Exercise aim
Reproduce every record below exactly, without the pictures.

Data records:
------------------------------------

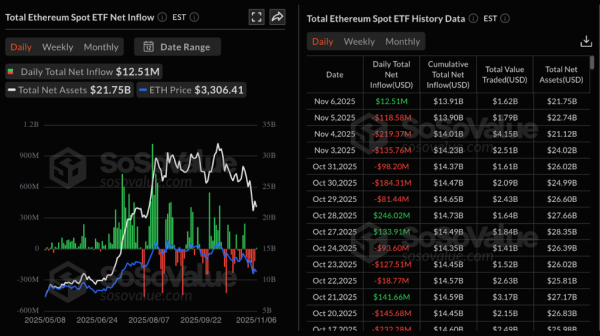 Dynamique des flux entrants et sortants des ETF Ethereum spot. Source : SoSoValue.
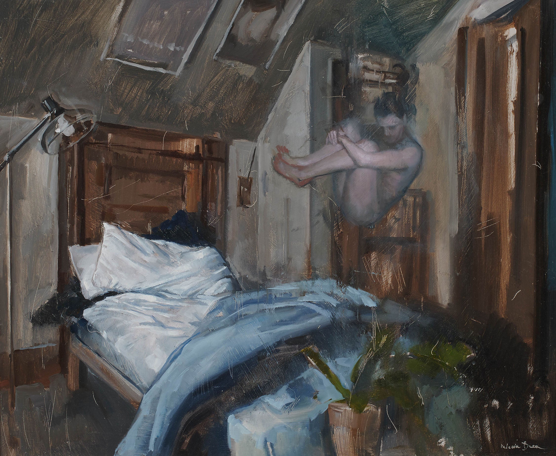 A young artist, Valeria is a rising star in the international figurative painting scene. Her works define the human condition through edgy, technically superb and often humorous self-portraits. Her recent collection of paintings is a deeply relatable account of one young woman’s frustrations during our lockdown global house arrest. A narrative depicting, if not a descent into madness, then at least a blurring of the edges of normality, at times flirting with the surreal.
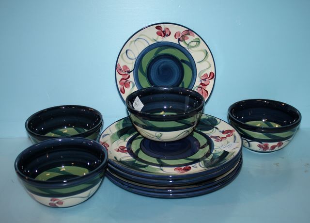 Nine Pieces Gail Pittman; four bowls 5" dia., salad plates 7" dia., four dinner plates 9" dia. Nine Pieces Gail Pittman; four bowls 5" dia., salad plates 7" dia., four dinner plates 9" dia.
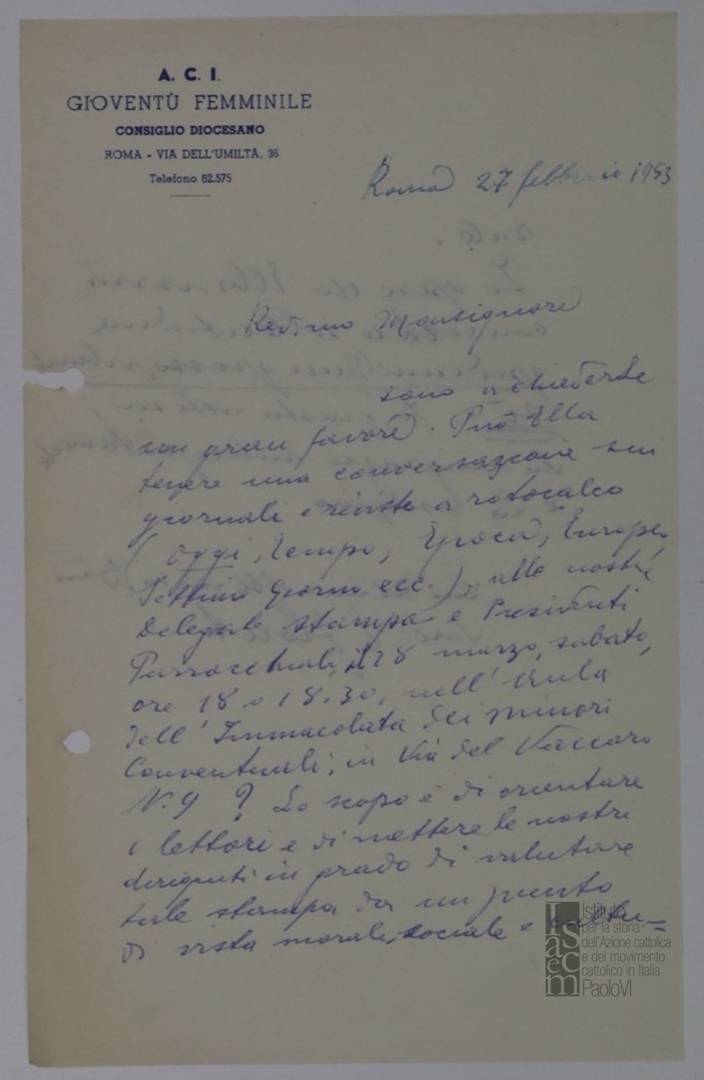 Lettera a firma di [...], del Consiglio diocesano della Gioventù femminile dell'ACI, indirizzata a mons. Ferdinando Prosperini
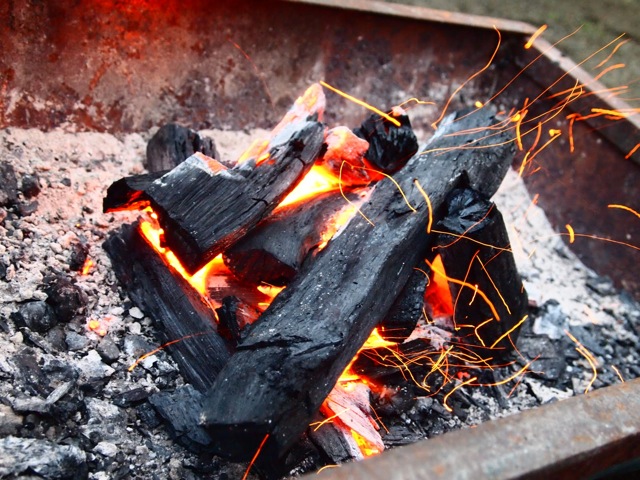 炭火を囲んでのバーベキュー。おいしいお酒に校庭に響くゆらりとした音楽。
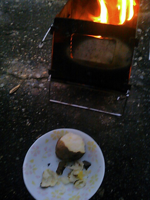 そして昨日は、100均で買ってきておいた炭を使った。 じゃがいもをアルミホイルでくるんだものをいれて、炭をそばに置いておき、その炭火の上でウインナーを焼いたみたら、、、
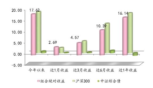 平衡型组合中股基、债基配置均匀,因此其比较基准处于沪深300和中证综合债之间,而平衡型组合的收益逼近沪深300,说明其以较低的风险获得了相当高的收益。
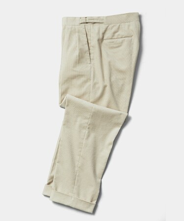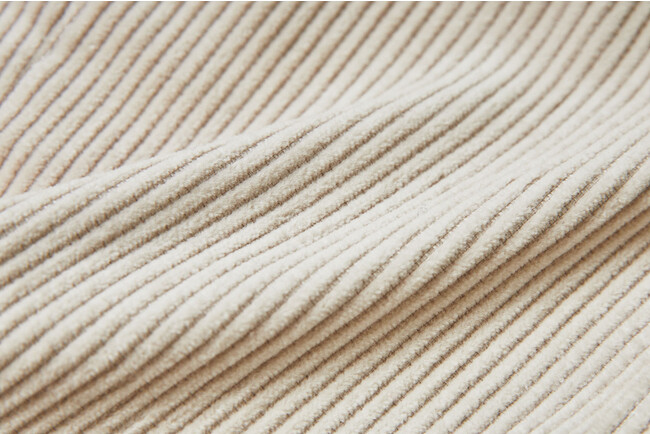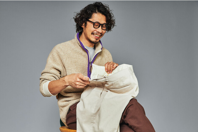 「なぜオフ白?と疑問の声が聞こえてきそうですが、僕なりの狙いがあってセレクトした色味です。スタイリストとして様々なコーデュロイパンツに触れていますが、実は定番的なブラウンやオリーブって、意外と着こなしが難しいんです。トータルでうまくバランスをとらないと、カントリー感が強くなりすぎてしまいがちなんですよね。その点、このようなオフ白はシンプルに合わせるだけで現代的な印象にまとまり、コーディネートが簡単に決まる。これが本作一番の魅力だと思っています」 (四方さん)
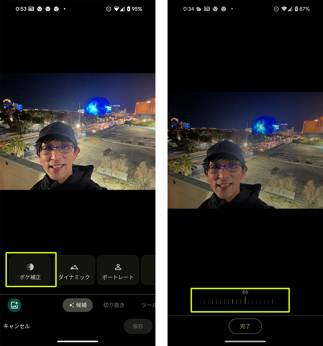 筆者がよく使う「ボケ補正」は、手ブレなどで精細感を欠いてしまった写真のディティールをAIと機械学習の力で直す機能です。夜景などは、撮影したその場で確認するとキレイに撮れているように見えても、PCに取り込んでみたら輪郭がぼんやりしていることがよくあります。そんなときに、フォトアプリの「編集」から「ボケ補正」を選ぶだけでシャキッとした写真になります。加工があまり不自然にならないように、補正レベルは0から100の間で細かく調整できます。
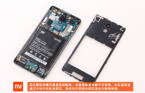 图为拆解下来的小米4后壳内部的中框特写,其机身内部固定中框的螺丝上贴有易碎纸,意味着一旦拆机,小米4将失去免费保修服务。
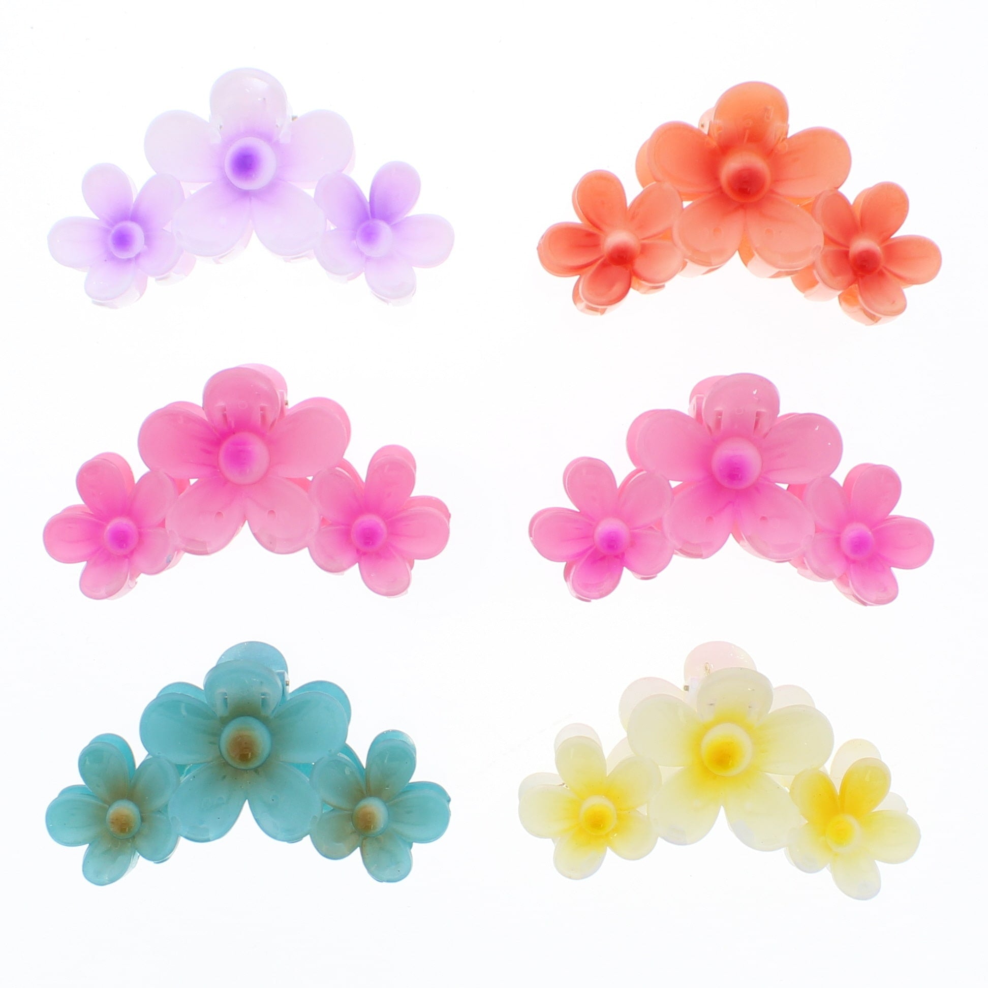 11cm Assorted Shiny Double Sided Daisy Triple Flower Hair Clamps

------------------------------------

Task result
 Dynamique des flux entrants et sortants des ETF Ethereum spot. Source : SoSoValue.
 A young artist, Valeria is a rising star in the international figurative painting scene. Her works define the human condition through edgy, technically superb and often humorous self-portraits. Her recent collection of paintings is a deeply relatable account of one young woman’s frustrations during our lockdown global house arrest. A narrative depicting, if not a descent into madness, then at least a blurring of the edges of normality, at times flirting with the surreal.
 Nine Pieces Gail Pittman; four bowls 5" dia., salad plates 7" dia., four dinner plates 9" dia. Nine Pieces Gail Pittman; four bowls 5" dia., salad plates 7" dia., four dinner plates 9" dia.
 Lettera a firma di [...], del Consiglio diocesano della Gioventù femminile dell'ACI, indirizzata a mons. Ferdinando Prosperini
 炭火を囲んでのバーベキュー。おいしいお酒に校庭に響くゆらりとした音楽。
 そして昨日は、100均で買ってきておいた炭を使った。 じゃがいもをアルミホイルでくるんだものをいれて、炭をそばに置いておき、その炭火の上でウインナーを焼いたみたら、、、
 平衡型组合中股基、债基配置均匀,因此其比较基准处于沪深300和中证综合债之间,而平衡型组合的收益逼近沪深300,说明其以较低的风险获得了相当高的收益。
 「なぜオフ白?と疑問の声が聞こえてきそうですが、僕なりの狙いがあってセレクトした色味です。スタイリストとして様々なコーデュロイパンツに触れていますが、実は定番的なブラウンやオリーブって、意外と着こなしが難しいんです。トータルでうまくバランスをとらないと、カントリー感が強くなりすぎてしまいがちなんですよね。その点、このようなオフ白はシンプルに合わせるだけで現代的な印象にまとまり、コーディネートが簡単に決まる。これが本作一番の魅力だと思っています」 (四方さん)
 筆者がよく使う「ボケ補正」は、手ブレなどで精細感を欠いてしまった写真のディティールをAIと機械学習の力で直す機能です。夜景などは、撮影したその場で確認するとキレイに撮れているように見えても、PCに取り込んでみたら輪郭がぼんやりしていることがよくあります。そんなときに、フォトアプリの「編集」から「ボケ補正」を選ぶだけでシャキッとした写真になります。加工があまり不自然にならないように、補正レベルは0から100の間で細かく調整できます。
 图为拆解下来的小米4后壳内部的中框特写,其机身内部固定中框的螺丝上贴有易碎纸,意味着一旦拆机,小米4将失去免费保修服务。
 11cm Assorted Shiny Double Sided Daisy Triple Flower Hair Clamps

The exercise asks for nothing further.